» **What to produce**
Make an exact copy, without pictures, of the lines below from the one containing "Vous contrôlez les" to the last line, both ends included.

» **Supplied information**
'''

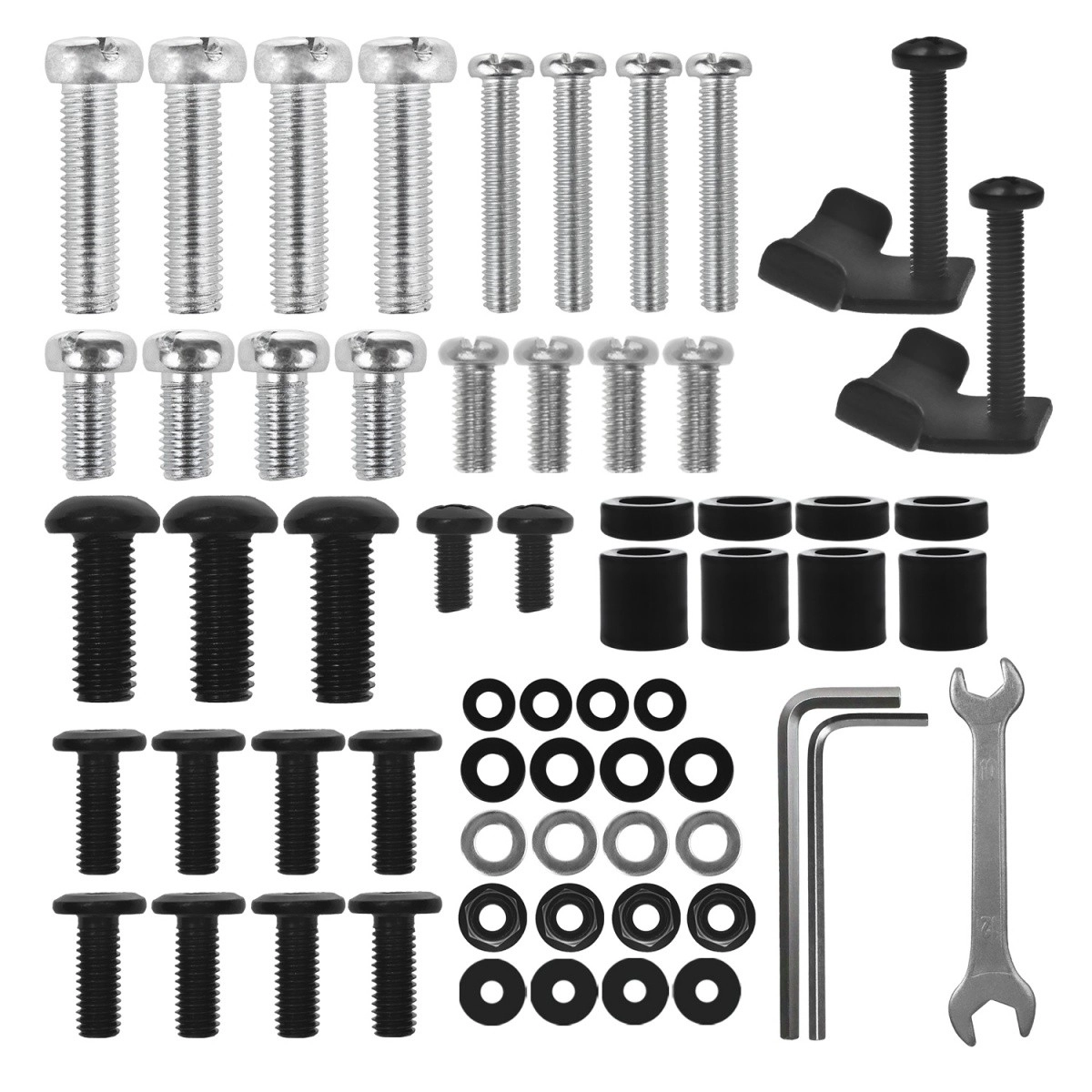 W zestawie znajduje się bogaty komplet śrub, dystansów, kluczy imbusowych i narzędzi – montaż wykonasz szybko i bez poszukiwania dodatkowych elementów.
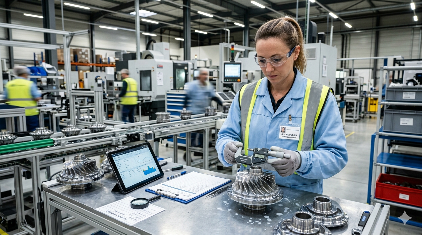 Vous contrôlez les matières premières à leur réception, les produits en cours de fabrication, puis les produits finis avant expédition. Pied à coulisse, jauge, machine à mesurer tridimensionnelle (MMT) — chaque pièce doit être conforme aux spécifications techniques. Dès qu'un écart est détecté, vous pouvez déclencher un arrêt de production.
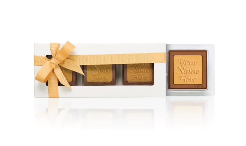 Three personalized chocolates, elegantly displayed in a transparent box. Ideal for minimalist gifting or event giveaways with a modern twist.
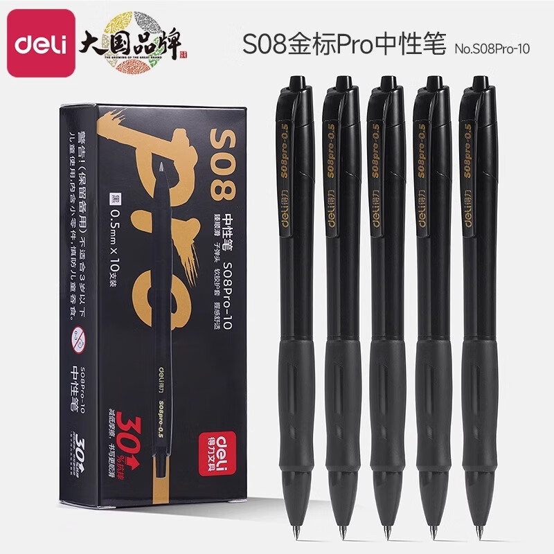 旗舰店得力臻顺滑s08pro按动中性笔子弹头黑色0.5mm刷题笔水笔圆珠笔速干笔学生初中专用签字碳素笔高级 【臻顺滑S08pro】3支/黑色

'''

» **Answer to the problem**
 Vous contrôlez les matières premières à leur réception, les produits en cours de fabrication, puis les produits finis avant expédition. Pied à coulisse, jauge, machine à mesurer tridimensionnelle (MMT) — chaque pièce doit être conforme aux spécifications techniques. Dès qu'un écart est détecté, vous pouvez déclencher un arrêt de production.
 Three personalized chocolates, elegantly displayed in a transparent box. Ideal for minimalist gifting or event giveaways with a modern twist.
 旗舰店得力臻顺滑s08pro按动中性笔子弹头黑色0.5mm刷题笔水笔圆珠笔速干笔学生初中专用签字碳素笔高级 【臻顺滑S08pro】3支/黑色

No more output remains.